Input material:
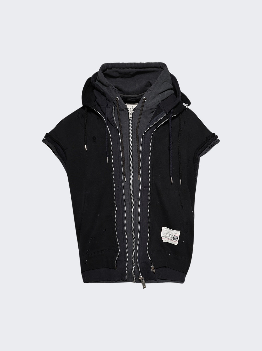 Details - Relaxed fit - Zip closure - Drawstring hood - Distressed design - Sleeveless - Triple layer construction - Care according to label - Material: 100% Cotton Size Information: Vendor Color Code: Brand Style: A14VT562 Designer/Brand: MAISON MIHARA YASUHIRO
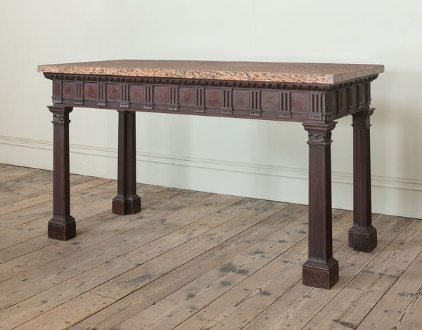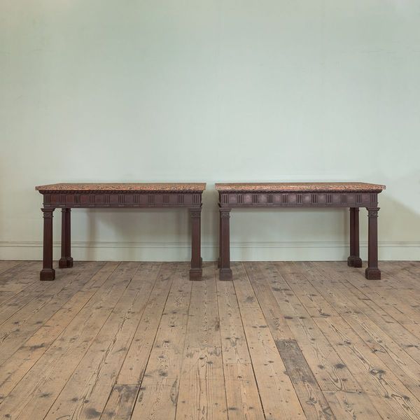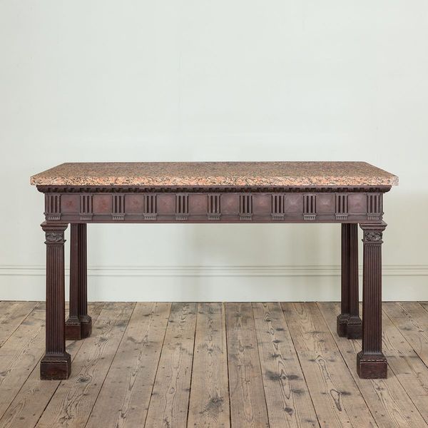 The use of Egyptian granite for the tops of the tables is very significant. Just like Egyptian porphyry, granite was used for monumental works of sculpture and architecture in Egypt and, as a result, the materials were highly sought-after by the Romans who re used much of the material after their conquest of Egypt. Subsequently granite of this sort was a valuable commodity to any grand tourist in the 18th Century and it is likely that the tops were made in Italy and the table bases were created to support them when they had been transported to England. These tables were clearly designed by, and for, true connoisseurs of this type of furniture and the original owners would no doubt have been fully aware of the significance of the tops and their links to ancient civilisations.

==

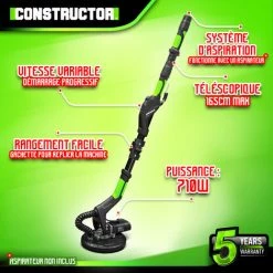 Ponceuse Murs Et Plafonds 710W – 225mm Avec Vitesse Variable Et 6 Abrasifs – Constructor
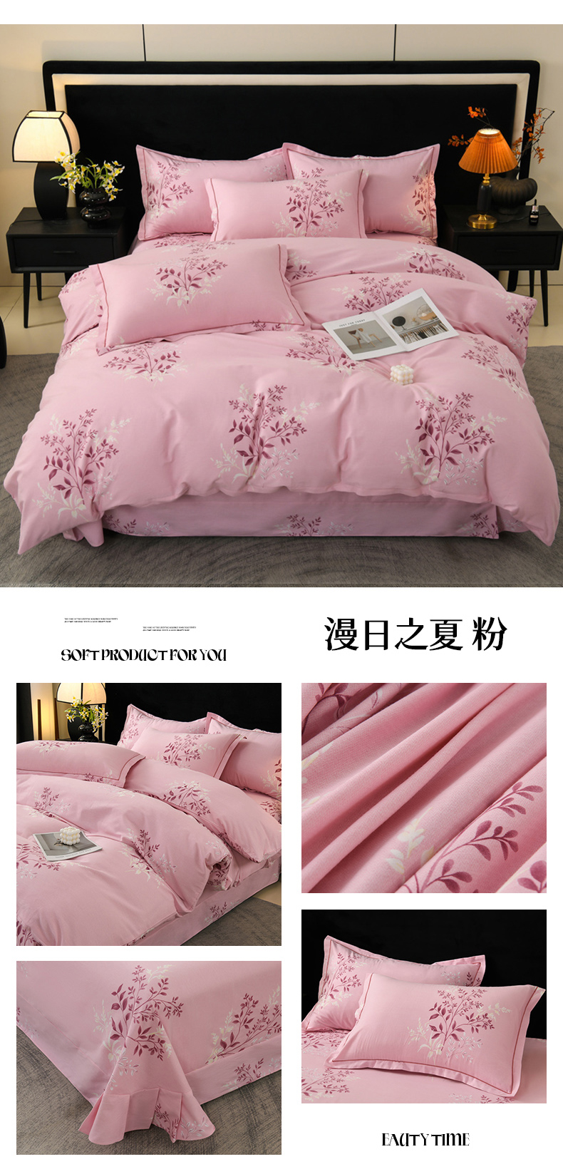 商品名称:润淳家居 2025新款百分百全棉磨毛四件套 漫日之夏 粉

* * *

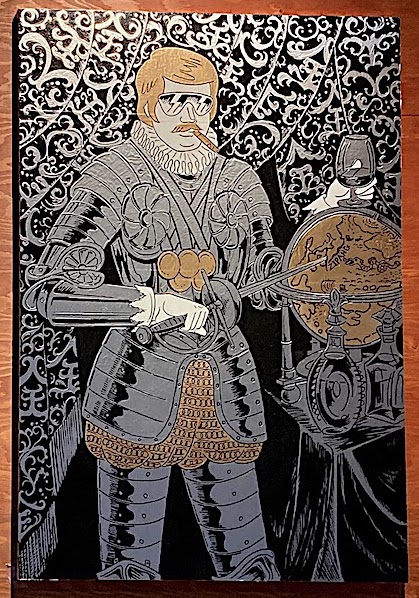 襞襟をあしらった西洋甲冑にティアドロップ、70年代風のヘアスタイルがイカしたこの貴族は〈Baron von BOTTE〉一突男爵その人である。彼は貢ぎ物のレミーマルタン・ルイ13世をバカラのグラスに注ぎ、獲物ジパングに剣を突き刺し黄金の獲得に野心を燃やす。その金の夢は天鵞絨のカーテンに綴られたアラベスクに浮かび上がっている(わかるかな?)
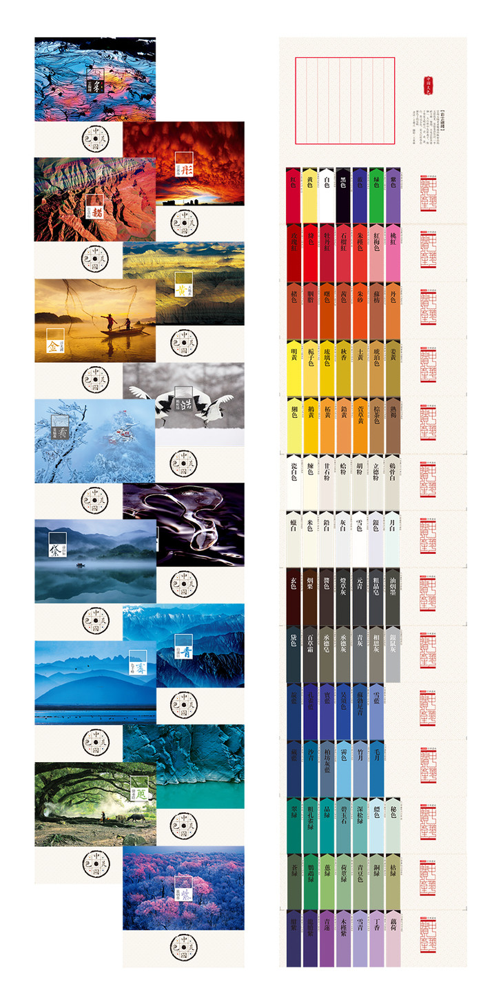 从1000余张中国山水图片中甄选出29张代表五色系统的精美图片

Your task:
Print nothing but the lines above starting with the line that contains "Ponceuse Murs Et" and going on through the line that contains "商品名称:润淳家居 2025新款百分百全棉磨毛四件套 漫日之夏 粉". Leave out the pictures.

Solution to the problem:
 Ponceuse Murs Et Plafonds 710W – 225mm Avec Vitesse Variable Et 6 Abrasifs – Constructor
 商品名称:润淳家居 2025新款百分百全棉磨毛四件套 漫日之夏 粉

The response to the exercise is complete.